I have never perceived myself as particularly courageous, at least not until I got into recovery from incest. I did not think I had the mental and moral strength that it required. The thought of having to bring to light all of those dark days and what ensued during them was so far down at the bottom of my list of accomplishments that staying in the abusive relationship where I was seemed preferable. I knew now what Christopher Columbus must have felt when people told him he’d fall off the edge of the earth if he tried to sail his boat past a certain point.

Everyone goes through changes although the majority of us don’t like to. But change is a vital part of life. Some changes are good, some not. Most people make only safe changes. No harm in that. But what do they get as a result? Not much. It’s only the bold moves that matter. If you wanted to travel to another state it would cost you a certain amount of money, either in gas or plane fare. But if you wanted to travel to Europe for a vacation the price would be higher. So it is with facing recovery, not an easy task but an easy task faced with reluctance becomes difficult. It’s only the journeys that require courage that bring us closer to our dreams, to the places we want to be. “I’m doing ok,” you say. But are you? “I’ve learned to live with what happened,” you say. But have you? If you have a sense of peace and profound satisfaction in your life, you are no doubt doing just fine. But most people don’t have that.

Courage is a state of mind. If you wanted to go from point A to point B you would take the first step and keep on going until you reached it. If you are unhappy with your life as a result of child sexual abuse that has never been confronted and healed, you might try to remind yourself how brave you really are. You have survived a trauma so severe that it costs some people their lives. If you have reached a point in your life where you’re thinking about dealing with the lingering shadows of terror, the shame that you have carried with back-breaking difficulty, the nightmares, the addictions and all of the other prices that this trauma has cost you then you must have built up courage. It takes courage to even think about going through recovery. It isn’t easy. But where you are in your life is not necessarily easy either.

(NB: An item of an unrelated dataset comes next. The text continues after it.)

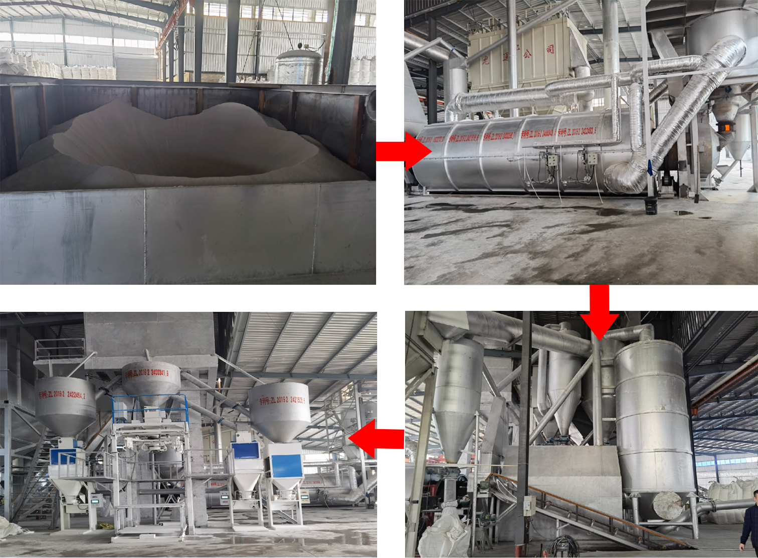 一次性可投放100T原材料,料倉側壁有收風口收塵,物料經過輸送帶輸送至預熱爐中,預熱爐為雙層滾筒,大筒與小筒互套在一起,物料直接進入到內筒中,通過烘干、預熱、脫水處理,處理結束后經提升機提升至膨化爐中對物料進行膨化,主爐膨化后的產品柔性回流至預熱爐中心筒經過余熱回收管理系統收集余熱后,進入金輝專利技術懸浮法五級風選(把未完全閉孔的產品分類收集),風選過后的產品進入成品倉通過輸送機提升至柔性篩分系統(把未完全膨化的燒結砂篩除掉),最終經過級配管道流入定量包裝系統進行包裝,以上程序可以保證松銤維鉑的閉孔率和漂浮率,金輝公司宗旨是以高品質產品服務于市場。

Make a list of all the things you have done thus far in your life that required courage. Leave nothing out no matter how minor such as learning to swim, learning to drive a car, hiking alone and many others that you may not have thought required courage. Even taking your first step at the age of 18 months took courage. But you did it. Make it a long list to remind yourself how much intestinal fortitude you really have.

And you can do recovery. It is nothing more than an amelioration of your life. An ugly duckling becomes a swan; a moth becomes a butterfly; and so you too can transform yourself from a victim of child sexual abuse to a strong, powerful, stable and emotionally well balanced survivor, one whose dreams are well within their grasp. What are you waiting for? Get started.